Design suggestion: smaller core, compositional constructors

[yallop]

I'm very much looking forward to using this library across quite a few projects! The first one I have in mind is profuse, where the central data structure has some interesting invariants, fairly straightforward to express, but tricky to check. Crowbar seems like an ideal tool for such cases. I'm also looking forward to using it in a serialisation/rpc library under development at the moment.

In trying to understand the design of crowbar, I've made a few notes about things that it might be useful to express slightly differently. These are currently just suggestions, sometimes quite rough, but if you like the sound of any of them, I'm happy to turn them into pull requests. This first issue is mostly about implementation, but I think it spills over into the interface a bit, too.

datatype-centric vs compositional design

The central gen type is currently defined as a datatype, with constructors for lists, options, non-empty lists, etc. There are sometimes reasons to be cautious about defining things this way, so I'd like to suggest exploring an alternative approach.

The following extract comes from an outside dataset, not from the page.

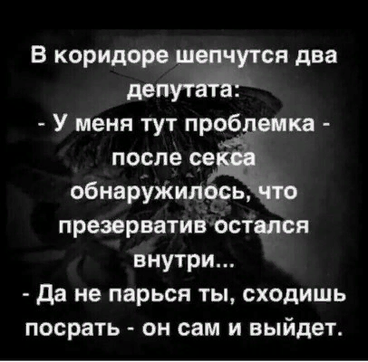 QUOTE(Солод @ May 23 2023, 22:32) Правильно, политика должна быть выше экономики, а пока у нас наоборот Володин будет везти в Россию пальмовое масло, он ведь тоже бизнесмен и не из совка. В первую очередь защита своих рынков,интересов страны, а не серебренники в своём кармане! так ГоуВест чуть ранее списки предпложительных геев у нас в верхних эшелонах накидал, можно верить, можно нет... там и Володин фигурирует, хотя конечно свечку скорее всего никто не держал... так... кукушка накуковала... может он не для еды пальмовое масло завозит то ? а в это самое, только с одним "Н" QUOTE(GoWest @ May 23 2023, 22:43) В анналы! Сообщение отредактировано Barsoff: May 23 2023, 23:18 -------------------- Хамство, неуважение к другим участникам форума, переход на личности повлекут отстранение участника.

Since there's essentially only one operation defined over the gen type, it should be straightforward to define it in a more compositional/extensible style. (This is really just the old distinction between oo-style, which makes it easy to add new types and hard to add new operations, and typed-fp-style, which makes it hard to add new types and easy to add new operations.)

In other words, rather than a definition of this form

type 'a gen =
  ...
  | Option : 'a gen -> 'a option gen
  | List : 'a gen -> 'a list gen
  | List1 : 'a gen -> 'a list gen
  ...

along with a function like this, where generation is defined by case analysis:

let rec generate : type a . int -> state -> a gen -> a * unit printer =
  fun size input gen -> match gen with
   (* ... *)
  | Option gen ->
     if read_bool input then
       let v, pv = generate size input gen in
       Some v, fun ppf () -> pp ppf "Some (%a)" pv ()
     else
       None, fun ppf () -> pp ppf "None"
  | List gen ->
   (* etc. *)
  | List1 gen ->
   (* etc. *)

I think it'd be worth considering a definition more like this:

type +'a gen = bool stream -> bool stream * 'a

along with a separate function for each constructor

let option = (* ... *)

let list = (* ... *)

There are three main benefits to doing things this way.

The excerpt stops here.